En France, 2024 a été marquée par plusieurs plans de réduction d’effectifs parmi les sous-traitants automobiles. Le passage progressif à l’électrique, nécessitant moins de main-d’œuvre, exacerbe ces réductions. Michelin a annoncé la fermeture de deux sites, mettant en péril 1 250 postes. Valeo prévoit de supprimer près de 1 000 emplois répartis sur huit sites en France. La Fonderie de Bretagne, dépendante à 95 % de Renault, fait face à une possible fermeture, menaçant 350 emplois.
En Europe, Ford prévoit la suppression de 4 000 emplois supplémentaires d’ici fin 2027, principalement en Allemagne et au Royaume-Uni. Schaeffler prévoit de supprimer 4 700 emplois répartis sur 15 sites en Europe, dont dix en Allemagne. Fin décembre, Volkswagen, le principal constructeur automobile européen, a annoncé son intention de réduire de 35 000 postes en Allemagne d’ici 2030, une mesure visant à diminuer les coûts et améliorer sa compétitivité. L’accord prévoit cependant d’éviter les fermetures d’usines et les licenciements forcés, principalement en misant sur des départs à la retraite non remplacés.
Les défis de la transition vers l’électrique
Le secteur des véhicules électriques rencontre plusieurs obstacles, principalement liés aux coûts élevés.
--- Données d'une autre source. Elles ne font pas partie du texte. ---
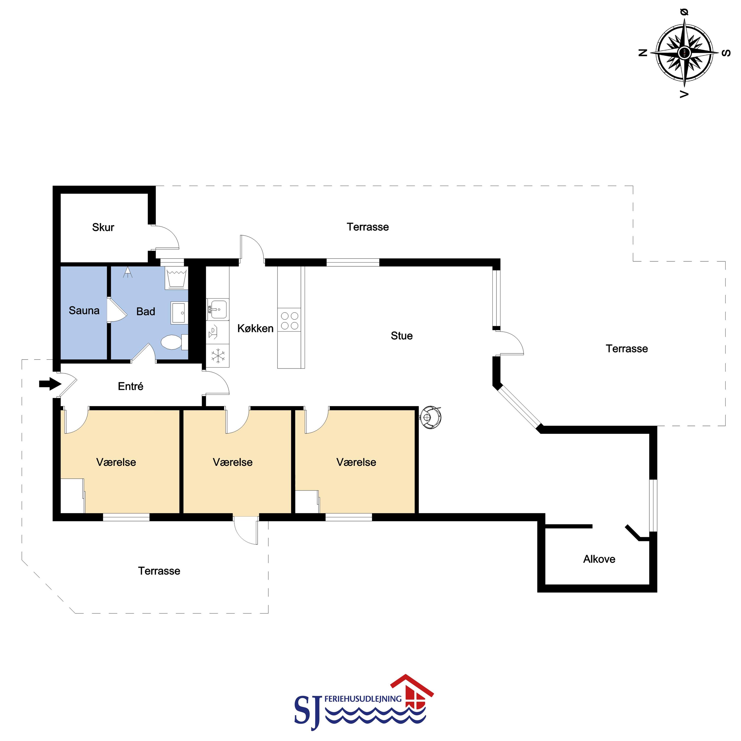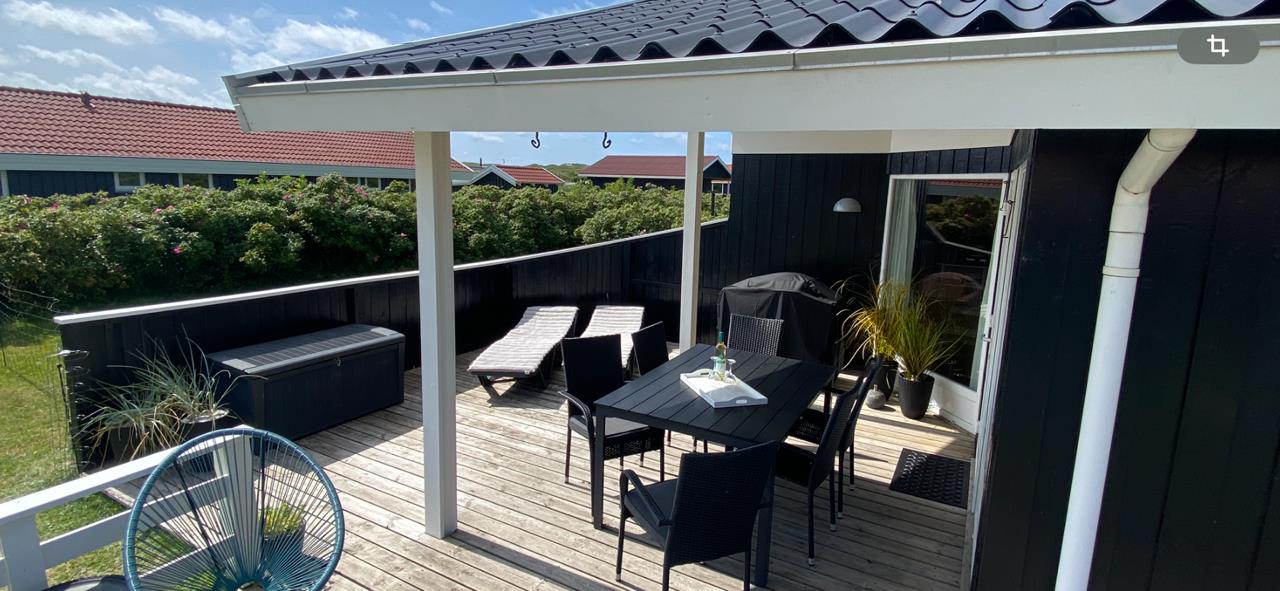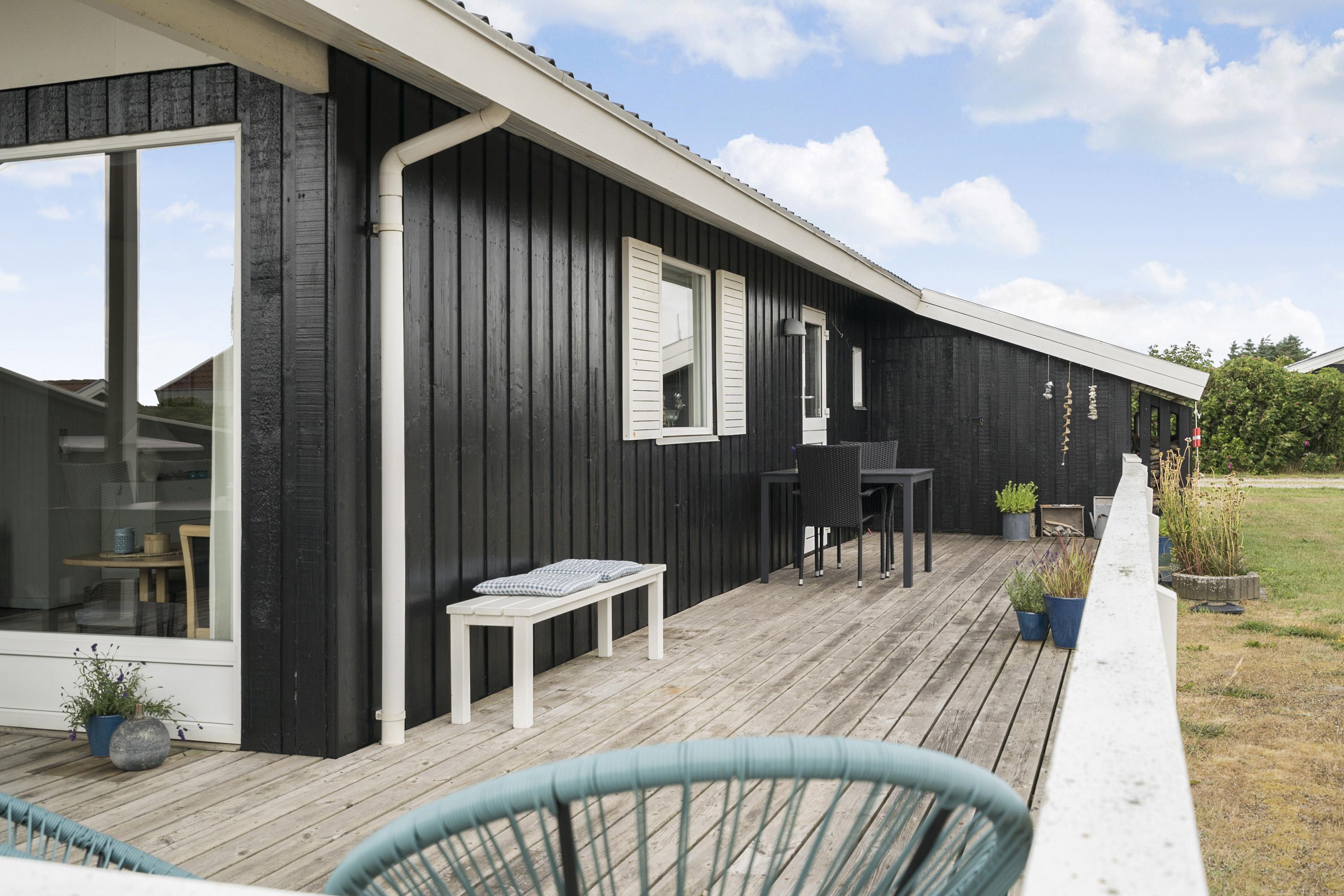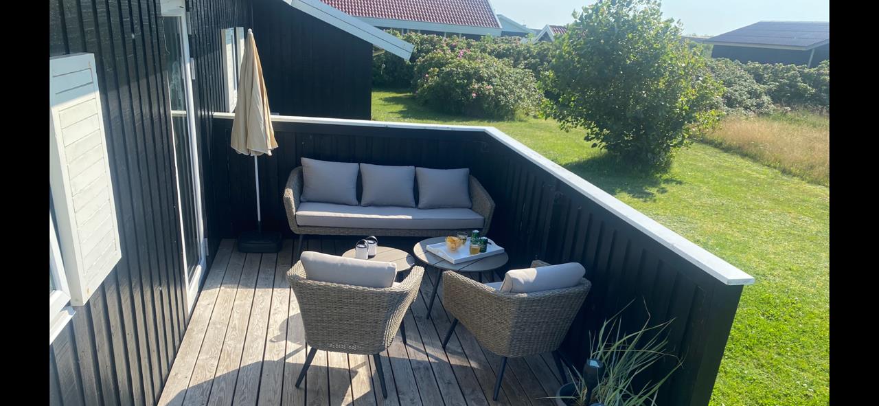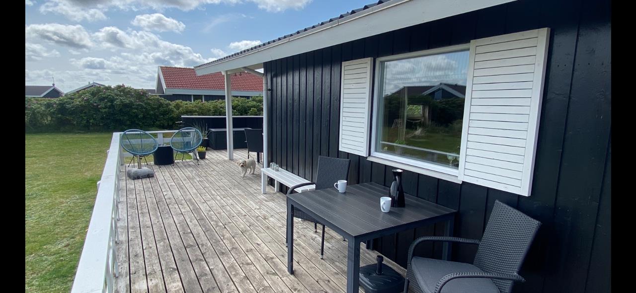 Fra stue og køkkenrummet er der 2 udgange til terrasseanlægget. Terrassen har både havemøbler, grill og 2 solvogne, så her er udstyret i orden til mange hyggelige afslappende timer. Der er kun 300 meter til Vejlby Torv med købmanden og Cafe John Wayne, så dette gør kun ferien endnu mere komfortabel. Vejlby Klit er omgivet af vand på begge sider med Vesterhavet mod vest som altid er et besøg værd. Her kan man bade, lave sandslotte, fiske, flyve med drage eller ganske enkelt blot gå een lang tur og nyde ensomheden eller familiens nærvær. Det samme gælder iøvrigt den tætte beliggenhed til Ferring Sø hvor der går en vandrerute rundt om.
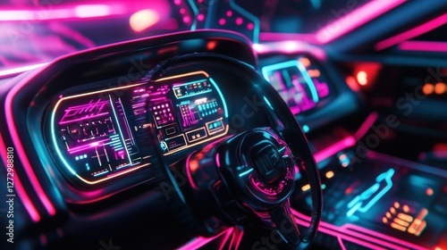 Futuristic car interior featuring vibrant neon lights and advanced digital dashboard displays

Une étude réalisée en 2023 par l’Observatoire Cetelem soulignait que la différence de prix entre un véhicule thermique et son équivalent électrique pouvait dépasser les 10 000 euros, en prenant l’exemple de modèles français.
Parallèlement, le bonus écologique pour les voitures électriques a été réduit. Début décembre, l’aide maximale a été abaissée de 7 000 à 4 000 euros pour les foyers les plus modestes. En outre, alors que le « leasing social » est censé être renouvelé pour les ménages modestes, le gouvernement a supprimé la prime à la conversion par décret. Cette réduction des aides pourrait freiner l’achat de voitures électriques, d’après Clément Molizon, délégué général de l’Association nationale pour le développement de la mobilité électrique (Avere-France), soulignant qu’un acheteur potentiel sur deux renoncerait à l’achat sans ces aides.
Cette situation défavorable survient cependant à un moment crucial pour les fabricants. En préparation à l’interdiction de la vente de voitures thermiques neuves au sein de l’Union européenne d’ici 2035, ils doivent, dès cette année, baisser les émissions de gaz à effet de serre de leurs véhicules vendus, sous peine de lourdes sanctions financières. Pour atteindre ces objectifs, les constructeurs français sont contraints de vendre 22 % de voitures électriques, contre seulement 16,9 % actuellement. Cela constitue un défi majeur, selon Marc Mortureux, directeur général de la Plateforme automobile, rapporté par l’AFP. L’industrie européenne, bien que sous la pression croissante de la concurrence chinoise, peut néanmoins voir d’un œil positif la mise en place d’une surtaxe allant jusqu’à 35 % sur les voitures électriques importées de Chine, ce qui pourrait aider à protéger un secteur déjà en grande difficulté.